**Supplied information:**

Segment Open

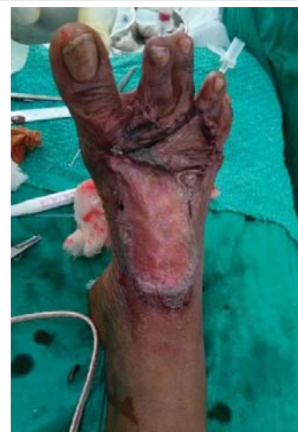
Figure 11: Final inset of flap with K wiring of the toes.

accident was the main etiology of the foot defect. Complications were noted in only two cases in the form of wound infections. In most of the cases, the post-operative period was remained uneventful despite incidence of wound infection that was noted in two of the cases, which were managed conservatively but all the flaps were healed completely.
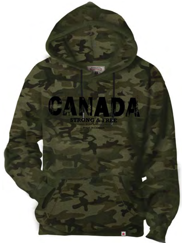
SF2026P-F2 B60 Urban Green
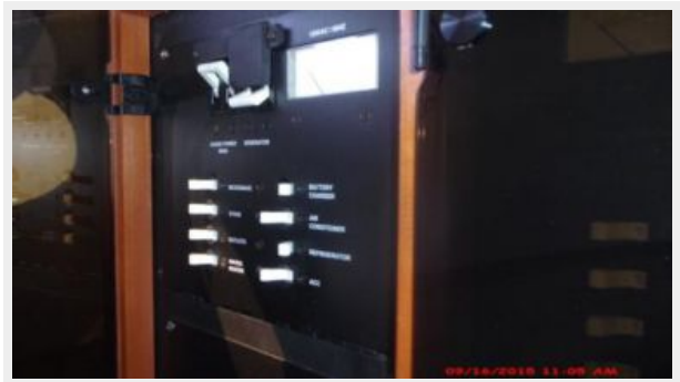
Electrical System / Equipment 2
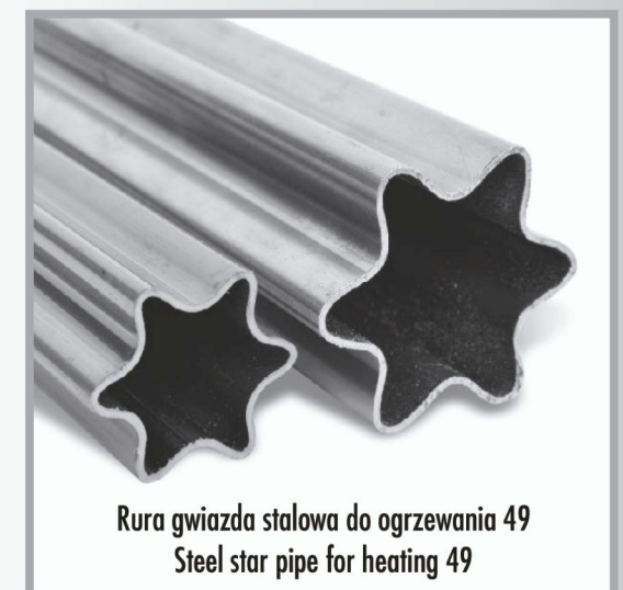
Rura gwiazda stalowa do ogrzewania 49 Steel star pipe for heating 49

Segment Closed

**To do:** For this exercise, print all of the entries exactly as they appear, but without pictures.

**Result of the exercise:**
Figure 11: Final inset of flap with K wiring of the toes.

accident was the main etiology of the foot defect. Complications were noted in only two cases in the form of wound infections. In most of the cases, the post-operative period was remained uneventful despite incidence of wound infection that was noted in two of the cases, which were managed conservatively but all the flaps were healed completely.
SF2026P-F2 B60 Urban Green
Electrical System / Equipment 2
Rura gwiazda stalowa do ogrzewania 49 Steel star pipe for heating 49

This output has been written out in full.